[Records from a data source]
=======
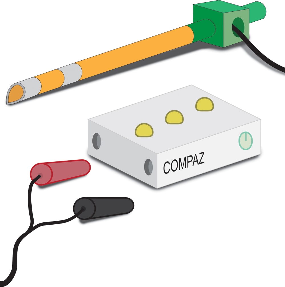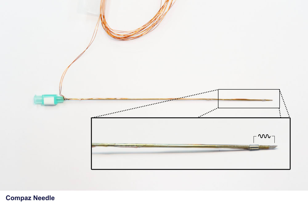 Innovation: The Compaz Needle system, developed by inventors at the Texas Heart Institute and Baylor College of Medicine, is comprised of a functionalized micropuncture needle that can be connected to a portable impedance analyzer that monitors real-time impedance that will supplement the existing access technology to prevent pneumothorax. Micropuncture needles have been attributed to a significantly reduced complication risk in comparison to their large bore counterparts. Electrical bioimpedance is measured at the distal tip of the needle, providing specific and spatially localized impedance feedback. Because tissues in the body have unique impedance values, the feedback from the needle can be used to distinguish the tissue surrounding the needle tip. Importantly, since the lung comprises primarily of air, we have shown that the Compaz Needle can clearly distinguish lung from surrounding tissues based on the impedance values. In the studies we have conducted impedance of lung could be differentiated from surrounding tissue with a sensitivity of 98% and specificity of 90% (AUC = 0.99). By indicating that the tip has just entered a lung space, the operator is notified by the Compaz Needle system and can retract and redirect the needle away from the lung. This will prevent a larger catheter or any such device from entering the lung and creating a pneumothorax. Not only can the needle help to avoid the costly complication of a pneumothorax, but it can help ascertain venous access based on the impedance measurement. We have demonstrated that the needle can differentiate the blood in a vessel from any other tissue with a sensitivity of 85% and specificity of 87% (AUC=0.87).
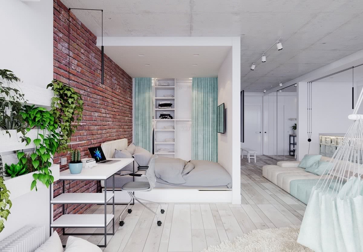 Если же площадь располагает, лучше обустроить отдельную зону спальни с полноценной кроватью. Часто ее ставят в нишах, уже существующих или специально созданных, на подиумах, прячут за ширмами, шторами, полками и шкафами – все для того, чтобы создать уединенную уютную зону.
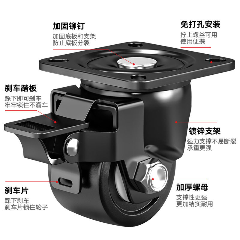 承重脚轮重型3寸2寸万向轮轮子带刹车4寸工业载重尼龙轱辘承重3吨
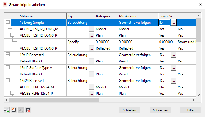 Die Eigenschaft Category (Kategorie) im Skript wird im Stil-Manager nicht angezeigt. Gerätekategorien dienen zum Gruppieren der Geräte (Gerätestile) im Arbeitsblatt Gerät auswählen. Dies erleichtert das Durchsuchen der verfügbaren Geräte. Gerätekategorien werden direkt im Arbeitsblatt erstellt und verwaltet. Weitere Informationen finden Sie unter "Erstellen von Kategorien in AutoCAD MEP 2027-Toolset".
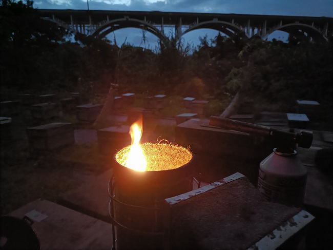 12月31日(水) ![]() 12月末時点の群数 395〇3 計398 残念ながら400群に一歩届かず 年間採蜜量 春102キロ 冬230キロ 計332キロ 300キロ超えなので及第点 いつか1000キロしぼるのが目標 ![]() 12/31〜1/1 各蜂場から集めた古箱 無煙竹炭器2台体制で焼却処分 |
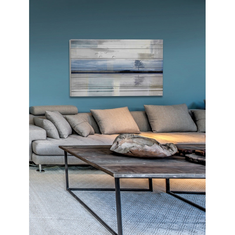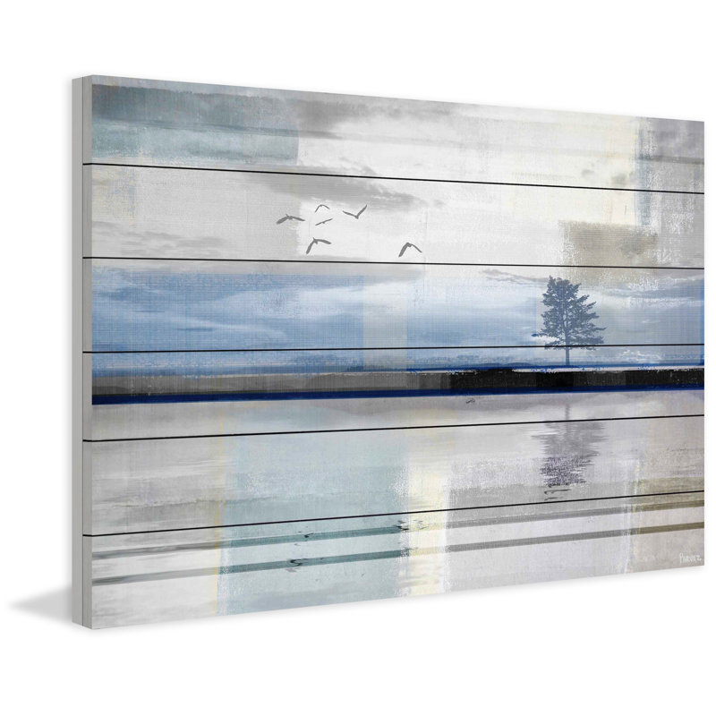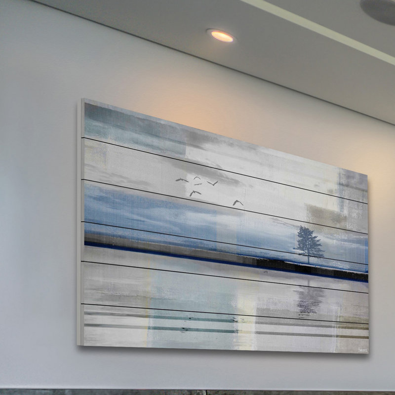Set a serene mood in your space with this rectangular watercolor print by artist Parvez Taj. Entitled “Shimmering Reflection,” this piece is printed on natural pine wood panels and depicts a lone tree and birds in flight against a simple landscape, all rendered in watercolor shades of blue, gray, and black. This print has two wall hooks and includes mounting hardware, so it’s easy to hang over your couch, bed, or dining table in your coastal home.
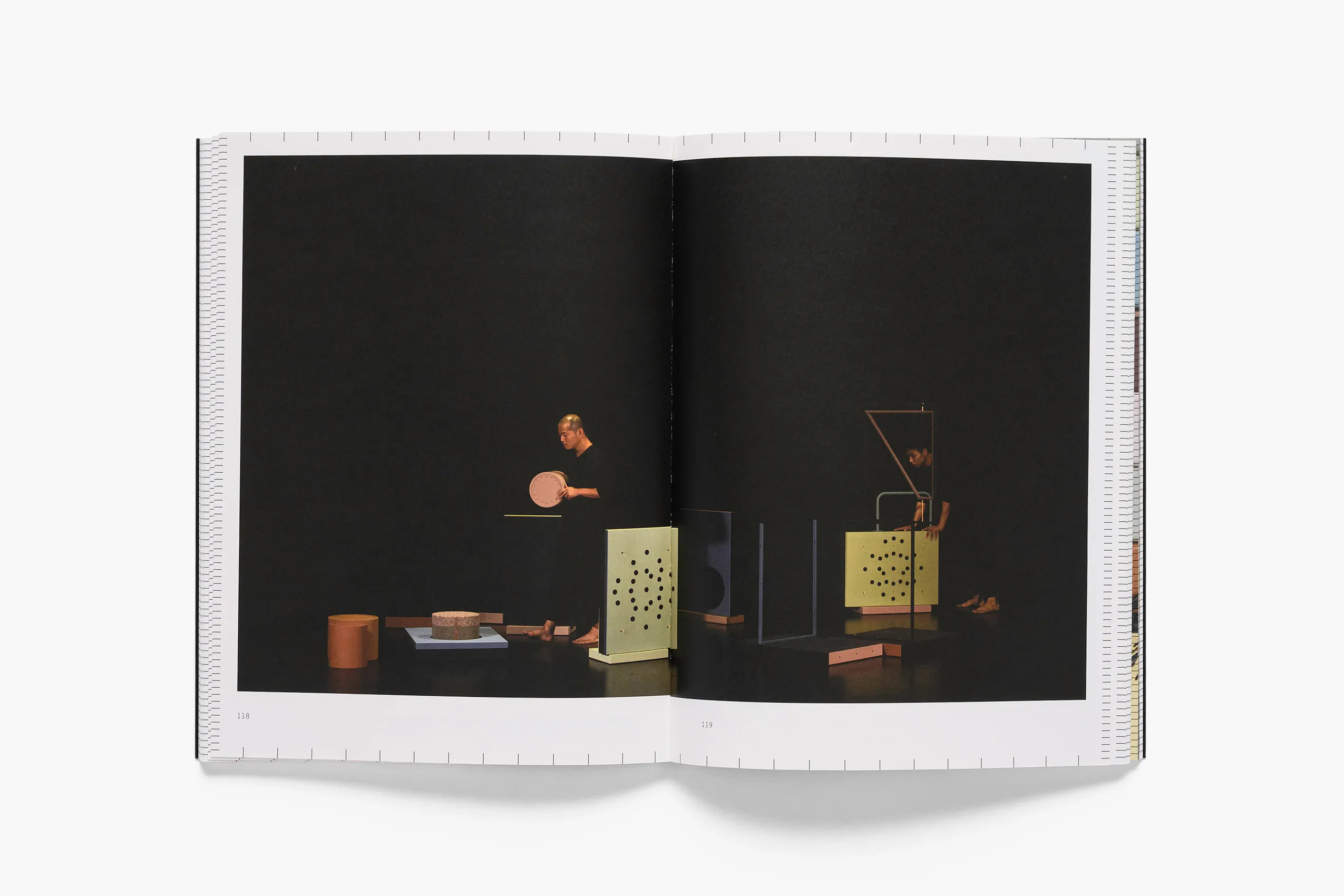 《Black Mat Oriole》展出了Suki許多代表性作品,包含Jeong、Mat、Legs、Heavy Round、Warm Round系列,以及Moras on the Black Mat。Suki將「繪畫」拓展為不同的形式,這些雕塑、裝置、繪畫都按照對應的比例製作,以利相互堆疊形成可移動的塔、窗和平台。書中有許多Suki針對表演動作繪製的手稿,可以看到人在網格中每一步的動作與姿態,並涵蓋了143張作品照片,以及《Black Mat Oriole》展覽的活動紀錄,也收錄了策展人、學者與藝術家的對談。
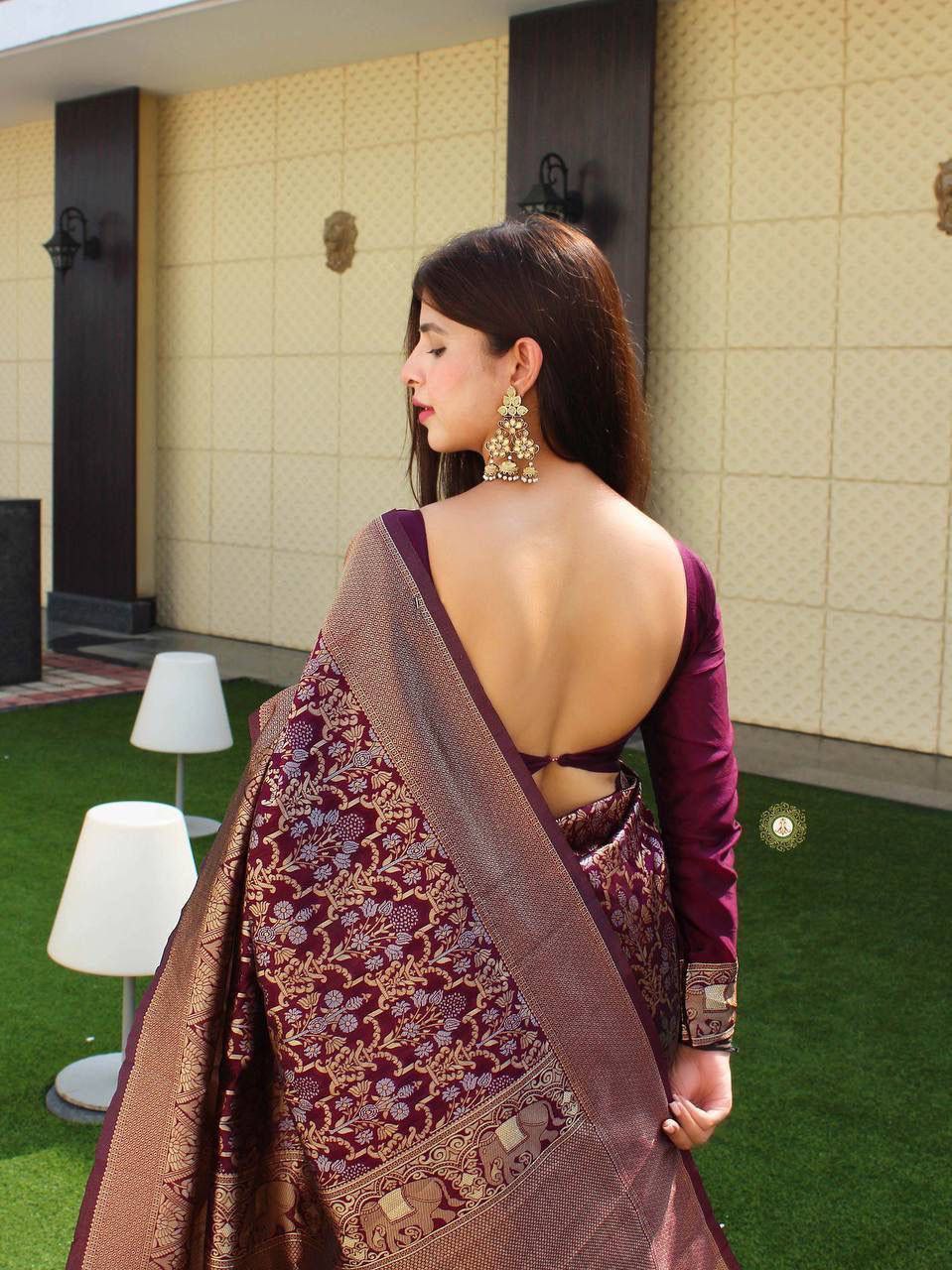Embrace timeless elegance with this beautiful wine-colored Kanjivaram silk saree. The saree features intricate all-over designs and a stunning pallu that adds grace and charm. The matching border enhances its rich appeal, making it perfect for weddings, parties, and special occasions. Please note, the blouse is unstitched, and jewelry is not included. Elevate your traditional wardrobe with this luxurious, classic piece for an unforgettable look.
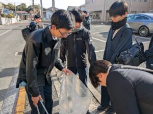 期末考査終了後に、普段から使用している通学路や地域に感謝をしつつ学校周辺の清掃を行いました。
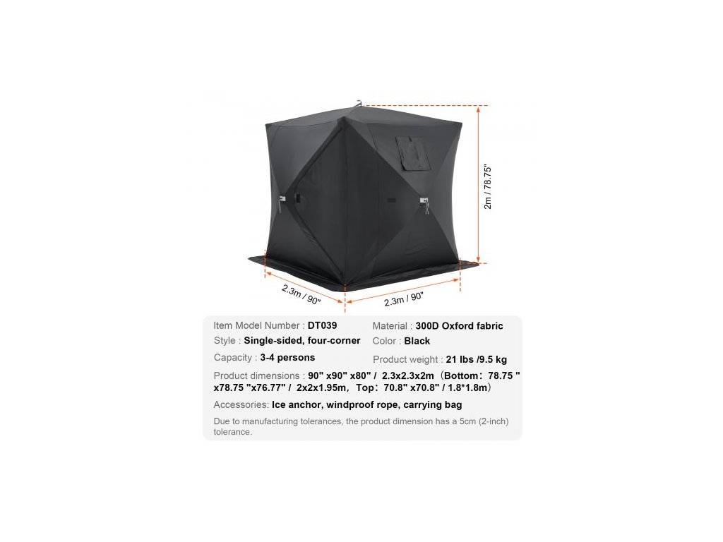Rozměry produktu: 90x90x80 palců / 2,3x2,3x2 m,Kapacita: 3-4 osoby,Horní rozměry: 70,8x70,8 palců / 1,8x1,8 m,Číslo modelu položky: T039,Hmotnost produktu: 21 lbs / 9,5 kg,Materiál: Oxfordská tkanina 300D,Spodní rozměry: 78,75x78,75x76,77 palců / 2x2x1,95 m
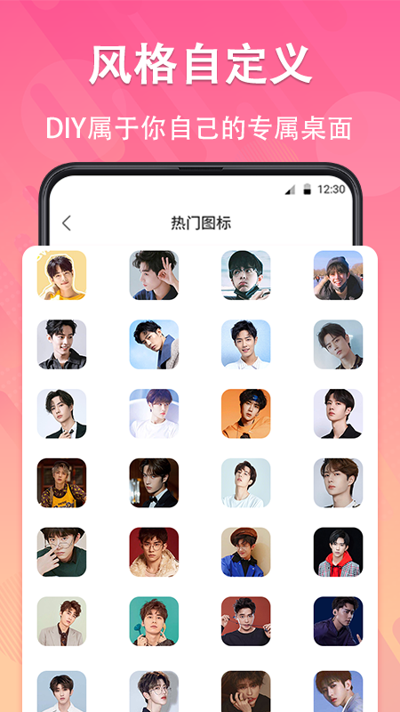 手机照片换图标APP是一款能够让用户自由更换手机本地应用图标的工具,您以后就可以使用个性的手机应用图标,让图标可以变得个性十足;平台提供的应用图标样式非常的丰富,用户可以自由的查看各个图标的样式,让许多用户都能发现自己喜欢的手机应用图标;这里的图标都是可以自由使用的,这样才能够满足广大用户更换手机应用图标的需求,快来下载体验吧。
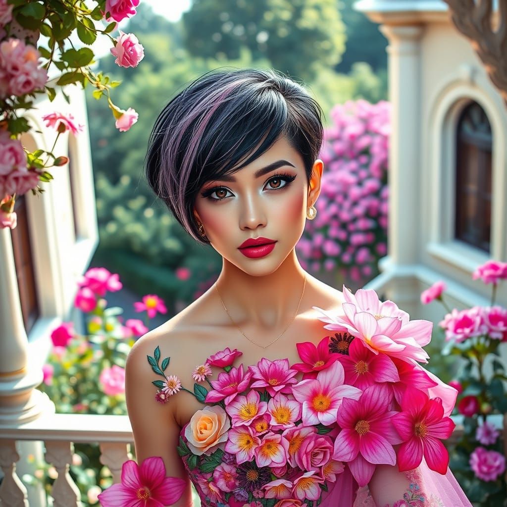 A captivating woman stands on an ornate balcony surrounded by a lush garden of blooming flowers, wearing a stunning, vibrant flowing dress adorned with colorful flowers, in a realistic and whimsical airbrush oil painting style
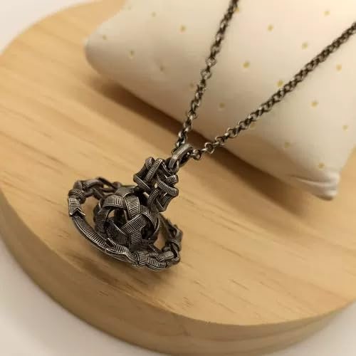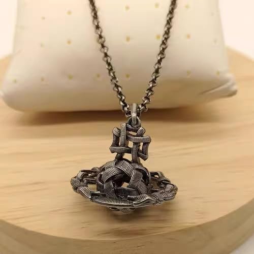 Black 3D Saturn Necklace for Women – Sky Star Planet Pendant in Punk Style
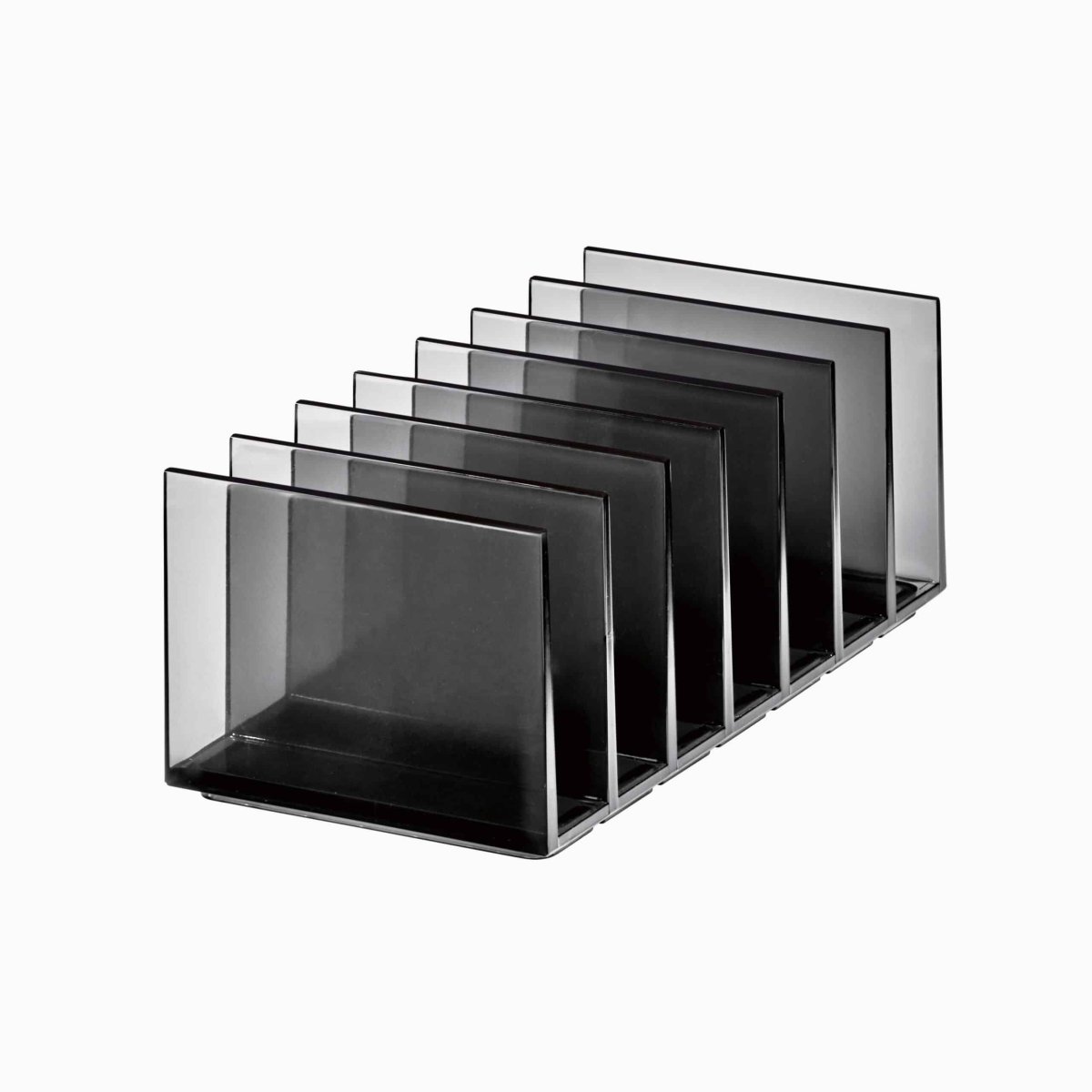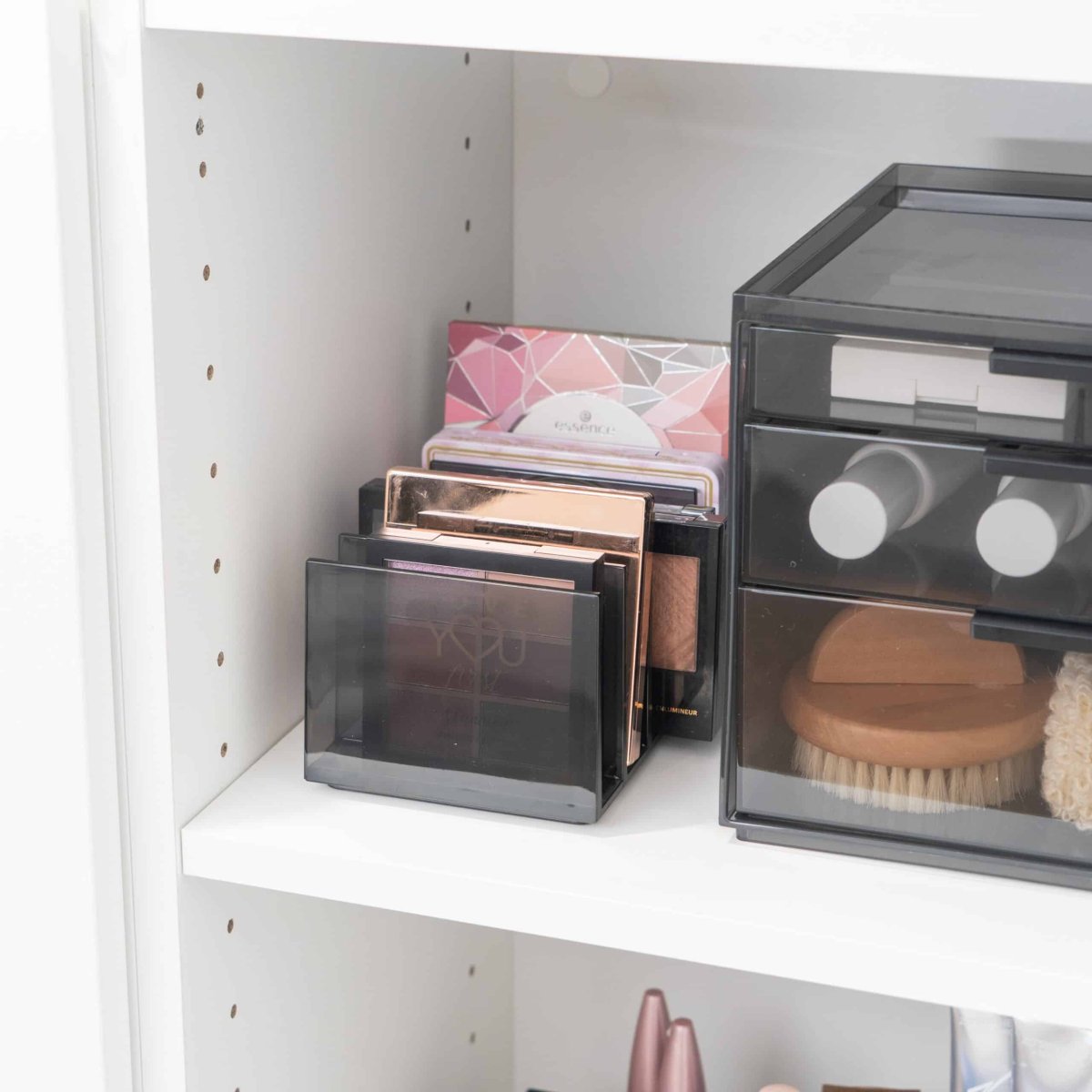 Paletter fulde af skønne farver til øjnene er altså bare noget af det bedste, hvis man er en rigtig makeupelsker. Men paletterne kan være svære at organisere, for det ser hurtigt lidt rodet ud, hvis man stabler dem, og når de står på højkant, kan de ikke stå selv. Ada har løsningen – hun er nemlig den skønneste paletteholder i semitransparent, sort plast, som gerne vil holde op til 7 af dine bedste paletter.
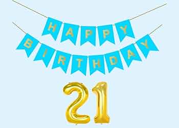 Mystic Toy Store 21st Sky Blue Happy Birthday Decoration Kit for 21 year Old Boys Girls Women with Number Twenty-one Party Decorations Decor Celebrati...
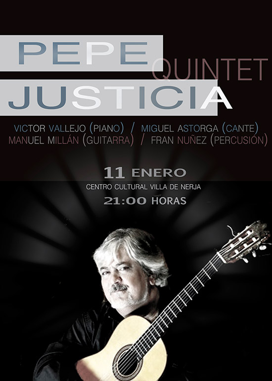 Pepe Justicia quintet en Nerja – Málaga. Victor Vallejo (piano) – Miguel Astorga (cante), Manuel Millán (guitarra), Fran Núñez (percusión)
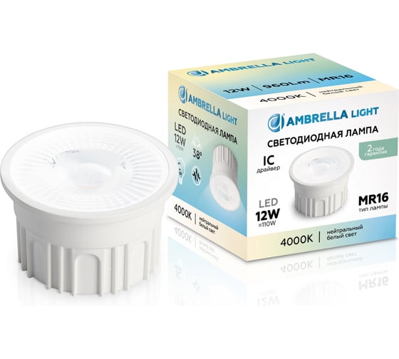 Лампа светодиодная Ambrella Light LED MR16-PR 12W IC 4000K 220-240V 38 212302
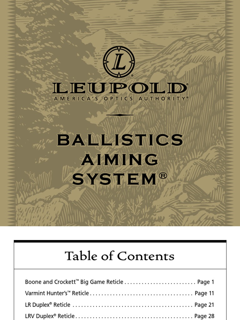 CDS BALLISTIC DIALS. Leupolds Ballistics Aiming System is comprised of five specialized reticles Boone and Crockett Big Game Varmint Hunters LR Duplex LRV Duplex and the new SABR. It was with this in mind that Leupold created the Leupold Ballistics Aiming System. Leupold ballistic aiming system. Used with care and responsibility it can increase your personal maximum point blank range by about 25 with precision as long as you do your homework. The Ballistic Aiming System is not difficult to use but the easy tutorial on the CD takes all the guesswork out. By practicing with the Ballistics Aiming System you will be able to consistently make shots you would not have been able to otherwise.
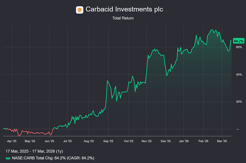 while Carbacid has brought a total return (share price appreciation & Dividends) of approximately 64.2%, within one year, to shareholders, which is approximately 5.35% per month
=======
Task
Beginning with the line above that contains "承重脚轮重型3寸2寸万向轮轮子带刹车4寸工业载重尼龙轱辘承重3吨" and finishing with the line that contains "12月31日(水) ![]() 12月末時点の群数", print those lines exactly and only. Skip all pictures.

Exercise response
 承重脚轮重型3寸2寸万向轮轮子带刹车4寸工业载重尼龙轱辘承重3吨
 Die Eigenschaft Category (Kategorie) im Skript wird im Stil-Manager nicht angezeigt. Gerätekategorien dienen zum Gruppieren der Geräte (Gerätestile) im Arbeitsblatt Gerät auswählen. Dies erleichtert das Durchsuchen der verfügbaren Geräte. Gerätekategorien werden direkt im Arbeitsblatt erstellt und verwaltet. Weitere Informationen finden Sie unter "Erstellen von Kategorien in AutoCAD MEP 2027-Toolset".
 12月31日(水) ![]() 12月末時点の群数 395〇3 計398 残念ながら400群に一歩届かず 年間採蜜量 春102キロ 冬230キロ 計332キロ 300キロ超えなので及第点 いつか1000キロしぼるのが目標 ![]() 12/31〜1/1 各蜂場から集めた古箱 無煙竹炭器2台体制で焼却処分 |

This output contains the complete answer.